Muschi walks to Rustrel in the morning to pick up croissants and a lovely sourdough baguette.  After breakfast, Muschi and Maria head out to the Vide Grenier ("empty basement"- French for garage sale) in Rustrel.  Paschi, Donnie, Louisa and I go to Apt for Mass at the Cathedral of St. Anne. The Cathedral is a baroque beauty, but rather dark and in need of restoration.

In the cathedral, there is a fine image of the Annunciation.  Mary wears an expression not often seen  depictions of the Annuciation--a look of avid interest.

Following mass, the alter servers produce ropes that had been tucked out of sight during the service.  It seems the Cathedral bells are hung directly over the alter.  The children ring the bells, catching onto the ropes allowing themselves to be lifted off the ground.   
Statue of St.
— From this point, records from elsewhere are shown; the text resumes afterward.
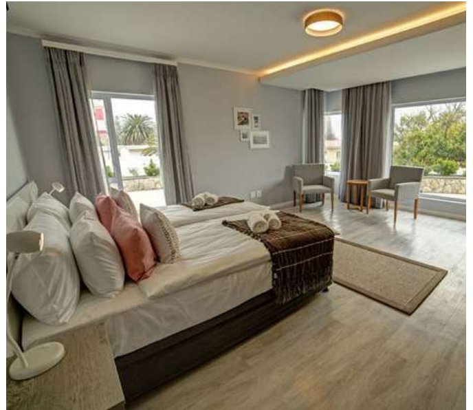
Atlantic Gardens Boutique

Atlantic Gardens Boutique Hotel . Incluido: Desayuno y Snacks.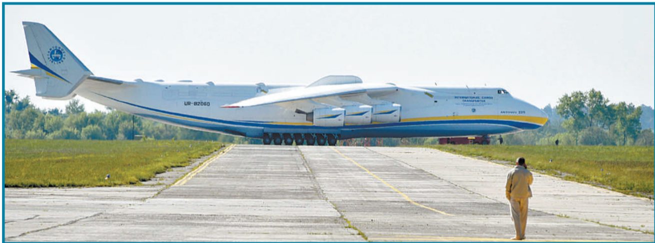
5月10日,乌克兰基辅,世界最大飞机安-225运输机装载130吨发电机前往澳大利亚珀斯。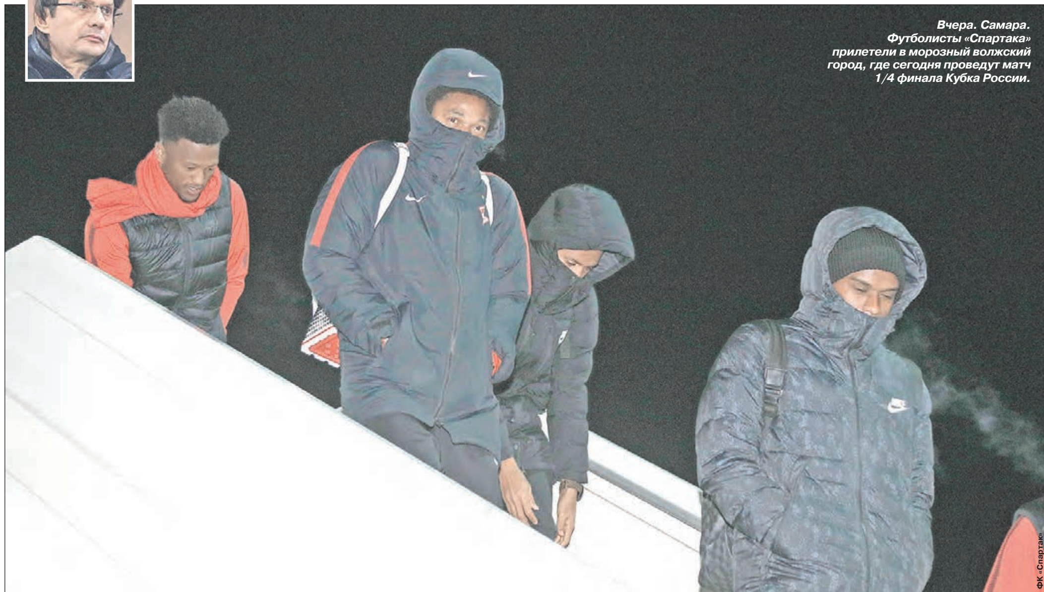
Вчера, Самара. Футболисты «Спартак» прилетели в морозный волжский город, где сегодня проведут матч 1/4 финала Кубка России.

Сегодняшний матч Кубка России между «Крыльями Советов» и «Спартак» из-за погодных условий находится в зоне риска. «СЭ» обратился за комментарием к владельцу красно-белых.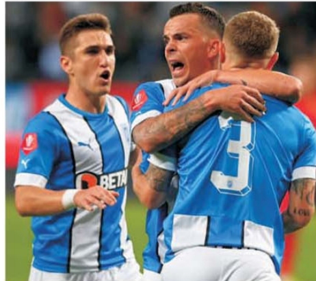
Jucătorii Craiovei se felicita la finalul partidei câștigate contra FCSB-ului

reprise, FCSB a primit un penalty, după un fault asupra lui Compagno, care a și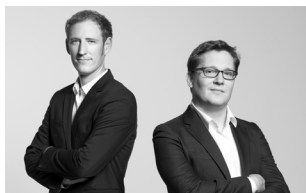
Design by Bernard / Burkhard

Thanks to all people involved in this project: Del Xu for the organisation in Asia, John Ye for the development, engineering and CAD work, Mario Rothenbühler for the photos, Fabian Bernhard and Thomas Burkard for the beautiful slim design, Matti Walker for the graphic work.

Anne, atop the cathedral in Apt.

A gate tower near the Apt Cathedral, with Provencal style bell cage.

Succulents on the window sills.

Look at the leopard print top Muschi brought me!  She assures me that leopard is "in."  I like it very much.

We reunite with Muschi and Maria in Rustrel and lunch at the Auberge de Rustrel, another restaurant on the village square.  The Auberge contains an old well (caged over for safety, but dramatically lit from inside.)  The well captures Maria's imagination, and keeps her distracted while we wait for bread to be brought to the table.  There's another wonderful table wine---unfortunately, we don't ask what it is.  Aside from the wine, the most memorable part of the meal is the dessert--orange-flavored creme brullee, topped with two slivers of candied orange peel.

Muschi's vide grenier finds.


Monday

Rain.  Muchi and Paschi go grocery shopping in Apt while the Sheehys stay at home.  Louisa takes her morning nap.  After several hours, Muschi and Paschi return home and the rain stops.  We stow the groceries and head out under heavy clouds to the Pont Julien, a Roman Bridge from 3 BC.  We chose a rock in the riverbed with a good view of the bridge and unpack our lunch.  We drink tea and eat sandwiches, slices of Chausse de Moins cheese and pears.   The sky clears.  Maria plays in the sand. 
Look, no mortar!

Paschi bring the thunderheads in his wake!  Bwahhhhhhahahaha!



View from on top of the bridge.




Hoping to take advantage of the blue skies, we pile back in the car and head toward the hilltop town of Gordes.   The girls and Donnie sleep in the parked car while Muschi, Pashci, and I go in search of a photo op.  We find one.





We rejoin Donnie and the kids and walk uphill into the city.  Maria and the men stake out a sunny spot next to the chateau while Muschi and I visit boutiques.  The shops sell olive wood, honey, soap, lavender sachets, grinders full of herbs de Provence, and colorful traditional fabrics.  There are all manner of ceramic items decorated with Provencal motifs--olive branches, lavender, and cicadas.  After Muschi and I break free from the thrall of the shops, we walk down a few more cobblestone alleys, finding more great views.


Look who's awake!


 

The next stop is Rousillon.   A sign at the entrance of the town declares that it is "One of France's Most Beautiful Villages"--a distinction is shares with Gordes.  Rousillon owes its unique appearance to it's ochre tinted buildings.  These building serve as a kind of swatch catalog for all the colors that can be found in the ochre clay deposits surrounding the town.  (Until the early 20th century, ochre mining was one of the area's main industries.  The ochre was used to make pigments that found their way into all sorts of things--from sausages to artists' paints.)  I'm glad that Muschi is wearing her bright blue sweatshirt--it's the perfect compliment to the town's parade of oranges. 






We eventually find our way to the cemetery.  It's a walled plot, with above-ground mausoleums.  It overlooks the town, a benevolent reminder of past generations.  







Finally, we descend the ruddy heights and ride back to La Grande Bastide.  On the way home, I think about the steep, winding alleys and scenic heights of Gordes and Rousillon, and wonder if they'll reappear in my dreams.

We end our busy day with a homemade dinner of fried mashed potatoes, sausages and salad.